Task objective: Please copy the lines below, exactly as they are, from the one with "オキザリスも種類が多いが,これはシンプルな白いタイプ." through the one with "Music for Christmas.", and leave out the pictures.

Material for this task:
● ● ● ● ● ● ●

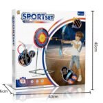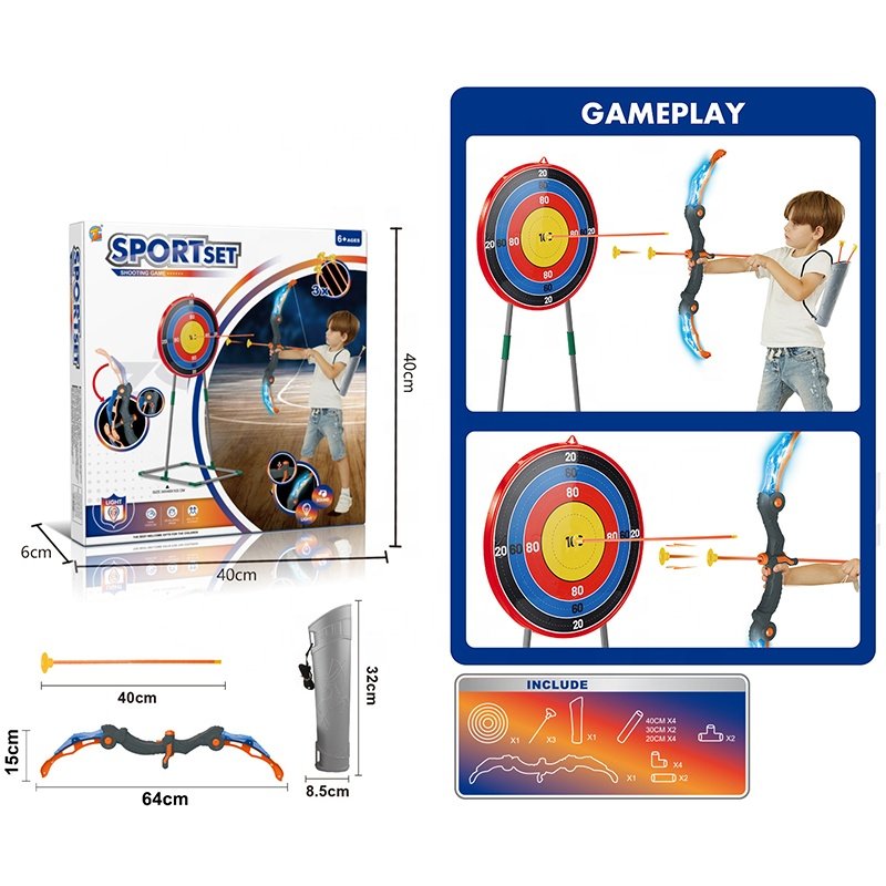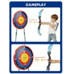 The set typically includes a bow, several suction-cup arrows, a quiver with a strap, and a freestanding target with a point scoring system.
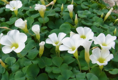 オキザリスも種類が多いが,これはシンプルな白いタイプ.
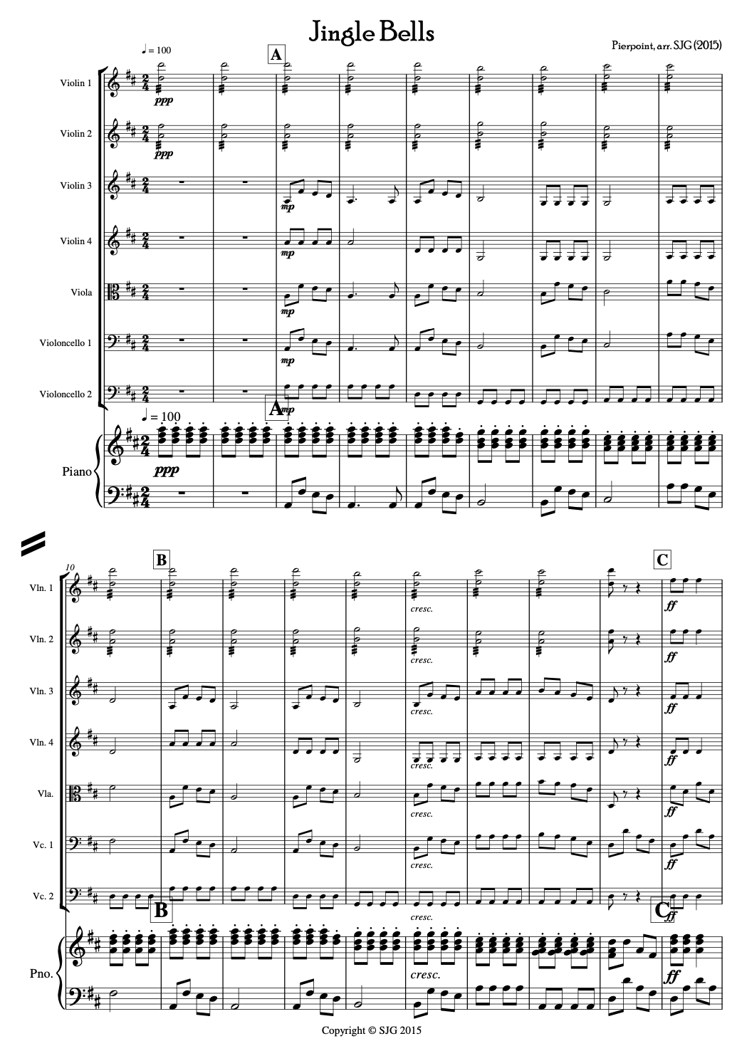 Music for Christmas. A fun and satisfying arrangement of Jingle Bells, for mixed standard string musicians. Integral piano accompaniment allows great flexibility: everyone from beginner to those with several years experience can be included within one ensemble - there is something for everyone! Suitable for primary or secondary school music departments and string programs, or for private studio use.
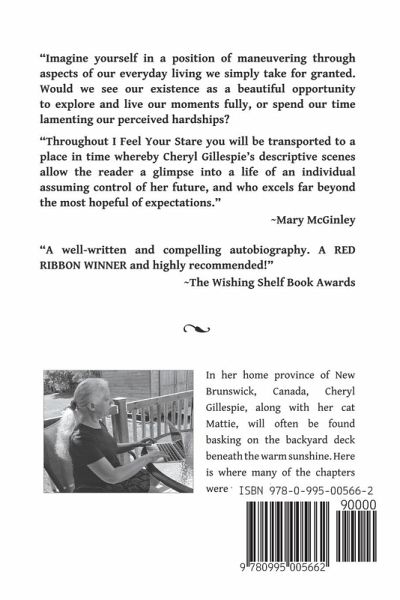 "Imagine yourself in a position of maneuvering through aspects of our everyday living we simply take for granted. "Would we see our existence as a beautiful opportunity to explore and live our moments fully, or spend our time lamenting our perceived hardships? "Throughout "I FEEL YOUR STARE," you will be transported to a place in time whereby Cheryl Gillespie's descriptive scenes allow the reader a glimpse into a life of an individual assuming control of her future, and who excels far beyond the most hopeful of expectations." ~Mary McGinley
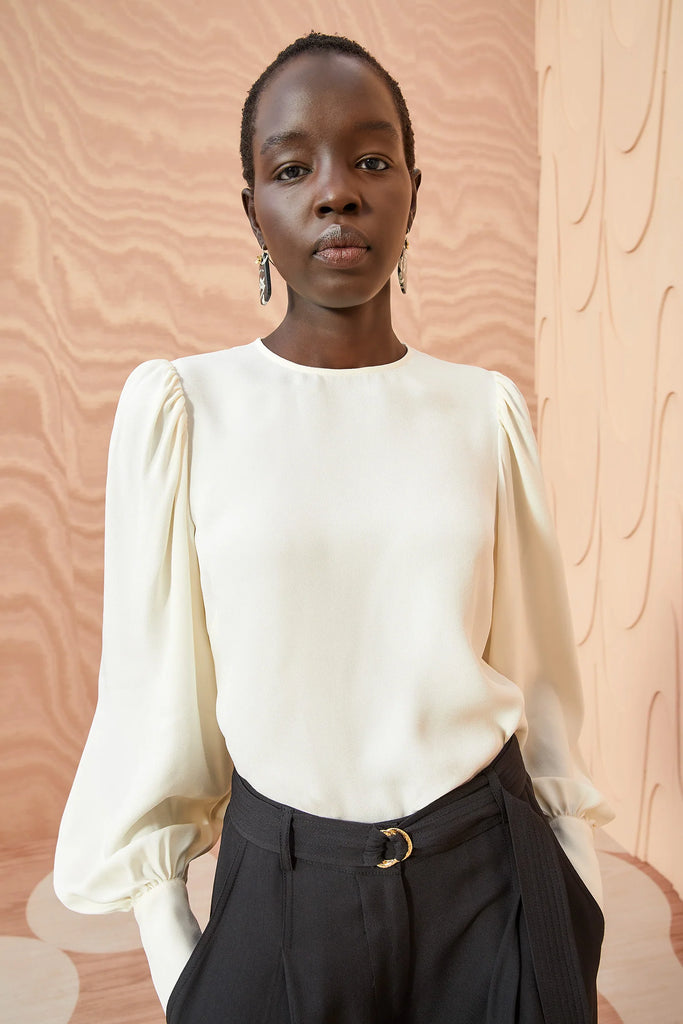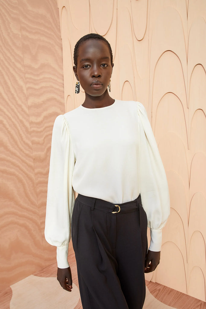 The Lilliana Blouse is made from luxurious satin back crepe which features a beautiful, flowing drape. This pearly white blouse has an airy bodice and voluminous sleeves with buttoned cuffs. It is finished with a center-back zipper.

● ● ● ● ● ● ●

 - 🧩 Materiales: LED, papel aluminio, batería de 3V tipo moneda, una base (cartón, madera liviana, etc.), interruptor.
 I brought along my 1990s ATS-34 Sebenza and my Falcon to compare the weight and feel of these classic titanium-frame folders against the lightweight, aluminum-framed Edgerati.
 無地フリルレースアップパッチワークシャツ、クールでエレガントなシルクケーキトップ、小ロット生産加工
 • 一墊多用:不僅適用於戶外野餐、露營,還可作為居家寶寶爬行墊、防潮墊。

● ● ● ● ● ● ●

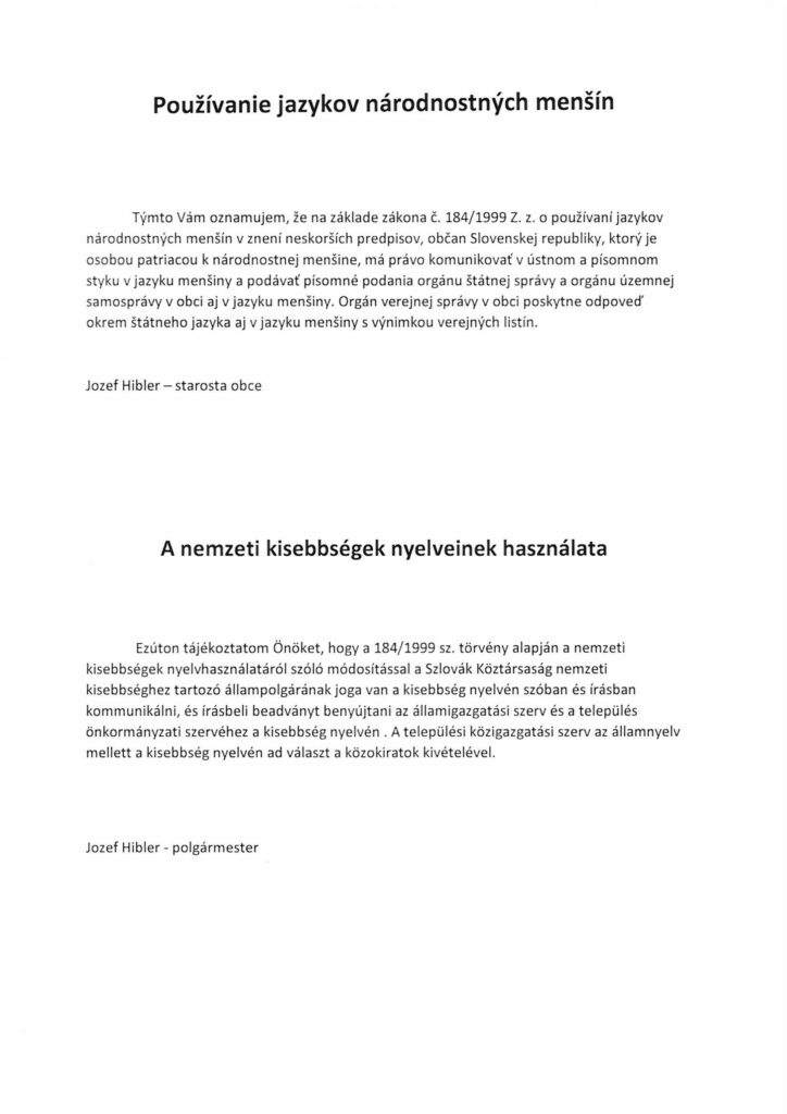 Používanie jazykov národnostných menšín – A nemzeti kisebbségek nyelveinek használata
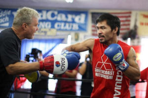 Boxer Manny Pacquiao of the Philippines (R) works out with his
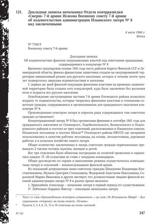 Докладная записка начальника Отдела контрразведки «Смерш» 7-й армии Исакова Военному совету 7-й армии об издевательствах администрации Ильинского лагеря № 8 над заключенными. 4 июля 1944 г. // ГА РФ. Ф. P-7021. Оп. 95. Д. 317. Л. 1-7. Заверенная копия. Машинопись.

● ● ● ● ● ● ●

Task answer:
 オキザリスも種類が多いが,これはシンプルな白いタイプ.
 Music for Christmas. A fun and satisfying arrangement of Jingle Bells, for mixed standard string musicians. Integral piano accompaniment allows great flexibility: everyone from beginner to those with several years experience can be included within one ensemble - there is something for everyone! Suitable for primary or secondary school music departments and string programs, or for private studio use.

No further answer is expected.